Fandom: D gray man.
Advertencia: Yaoi , aclaramos que significa relación chicoxchico, así que adevertidas para aquellas que no les gusta, y también para aquellos que le gustan pues sean bienvenidos.
Rango: M
Parejas: Principal, pues Yuullen. Y otras paring que no viene el caso mencionar, no broma, todavía está en proceso eso.
En tres palabras se resumía su odio, tres fáciles palabras en realidad, y una de ellas calificaba muy bien la descripción de esa persona, porque si, era una persona la causa de todo tu malestar. Una utópica felicidad negada, así es como habías aprendido actuar todo este tiempo, no creías en el amor, la felicidad mucho menos, no desde de la muerte de esa persona, y cuando arribaste a ese nuevo territorio extranjero, tus prospectos no discernían entre una desastrosa realidad que creías ya superada, y la enclenca existencia de ese espécimen amorfo.
Pero claro Yuu, cuando la vida actué por tu propia voluntad, en ese momento te puedes llamar amo y Señor del Universo.
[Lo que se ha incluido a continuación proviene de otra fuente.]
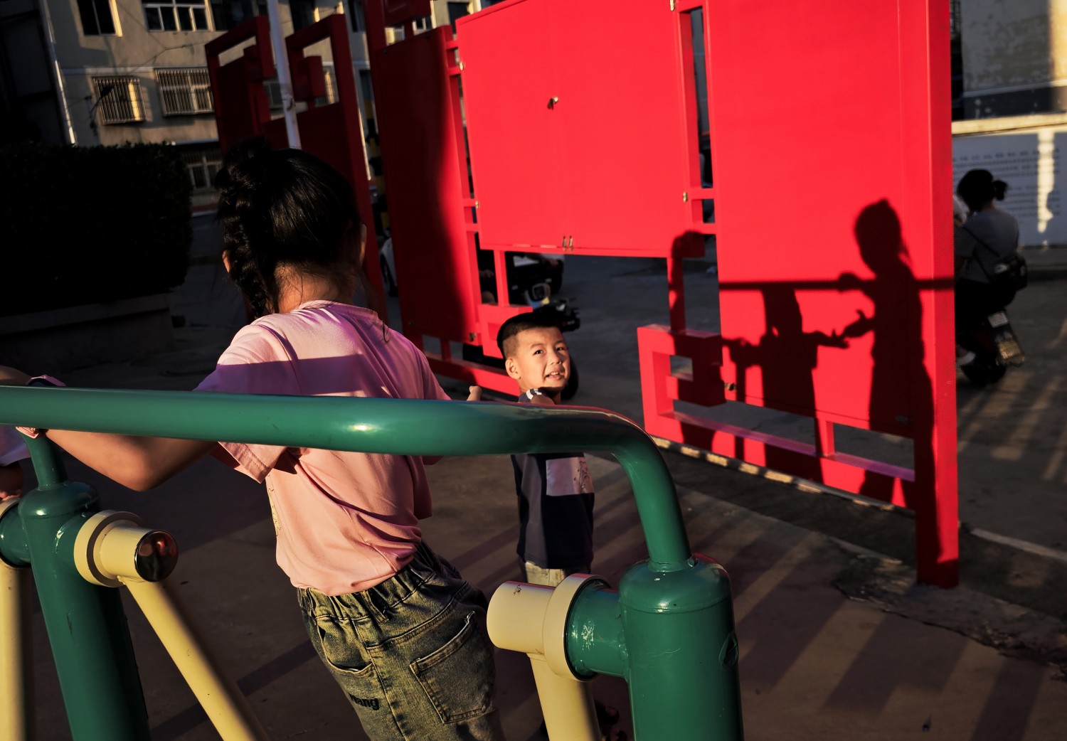 作品说明:夕阳下孩子们在小区的健身器材旁玩耍。

Cuando eso suceda te encargaras tú mismo de destruir por completo al Moyashi, como éste ya lo ha hecho contigo.
Si tus miradas matarán, ya un gran sector urbano hubiera desaparecido de la tierra hace mucho tiempo, y cuando las miradas dejaron de funcionar en contra de eso viejo tonto, suponías que tendría que plantearte en poner tus pensamientos a la práctica. Era como el conejo, las ganas nunca te faltaban.
- ¿Por qué la curiosidad?
- No es eso – rezongas, hartó de tanta charlatanería, se estaban yendo por la tangente desde el comienzo, no jugarías ese juego con el viejo – Es parte de mi trabajo, no daré mi vida por cualquier imbécil.
- Debes dejar de tratar a las personas de esa manera, Yuu-kun – rechinas los dientes, ahí iba, realmente estas cayendo Yuu-chan
- Che, como sea, responde mi pregunta…
- No hay nada que responder, su nombre es Neah Noé, el último miembro del Clan Noé, de extensas propiedades. Y por lo que dicen, el mimado de la familia. Pero eso sólo son rumores.
- No tienen relación de sangre, no trates de engañarme, eso lo sé, nadie en esa maldita familia lo tiene. ¿Quiénes son? ¿Qué es todo este teatro, viejo?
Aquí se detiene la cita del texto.